To contextualize these numbers of Fe-S flavoenzyme genes with their evolutionary history and functional diversification, we then conducted a comprehensive phylogenetic analysis of this enzyme family. We obtained a collection of 8097 non-redundant Fe-S flavoenzymes by selecting representatives from MMseqs2-derived [18] sequence clusters. From this dataset, we reconstructed an approximate maximum-likelihood phylogeny (Fig. 1) (see also Methods: Reconstruction of an Fe-S flavoenzyme protein similarity network). Within this phylogeny, we were able to annotate eight clades based on experimentally characterized proteins documented in UniProt to date; the vast majority of clades have unknown functions. Given the size of this protein superfamily, the number of unexplored clades and its functional diversity, this phylogeny constitutes a road map to uncover novel clades of enzymes that could potentially aid in the characterization of yet undiscovered catabolic pathways.
An evolutionary expansion of Fe-S flavoenzyme in Clostridia
As reported in the previous section, the phylum Firmicutes stands out for the high Fe-S flavoenzyme copy numbers found in genomes of the species that belong to it. For this reason, we investigated the flavoenzyme copy number variation in Clostridium along with other microbial taxa commonly found in the gut: Firmicutes, Bacteroidetes, Actinobacteria and Proteobacteria. The phylogenetic analysis already suggested a large evolutionary expansion of Fe-S flavoenzymes in Clostridia, with this bacterial class occupying about a third of the non-redundant superfamily phylogeny.

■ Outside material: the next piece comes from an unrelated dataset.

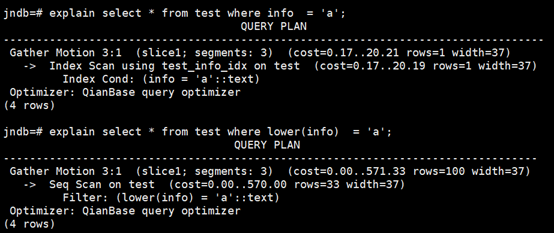 两个查询中,在第二个查询带有函数,因此索引无法使用。当然,如果建立一个函数索引,则可以使用索引,但函数必须是immutable的。下面简单介绍一下函数的三态,QianBase MPP函数有三个状态:IMMUTABLE、STABLE、VOLATILE。

Indeed, quantitative analysis of the class Clostridia confirms that it has undergone a massive expansion when comparing the Fe-S flavoenzyme copy number with other taxa (Fig. 2). The phyla Actinobacteria and Bacteroidetes seem to harbour considerably fewer Fe-S flavoenzymes. As expected, we found that among genomes from Clostridia, there is a high percentage encoding at least one Fe-S flavoenzyme (71.58 %). In contrast, less than half of the genomes in our database belonging to Enterobacteriaceae, Bacilli and Bacteroides encode a flavoenzyme (49.92, 7.64 and 3.19%, respectively). Strikingly, Eggerthell a seems to be an exception to this pattern, as 10 genomes from different Eggerthella species encode 38 Fe-S flavoenzymes, with 71.43 % of the genomes with at least one count.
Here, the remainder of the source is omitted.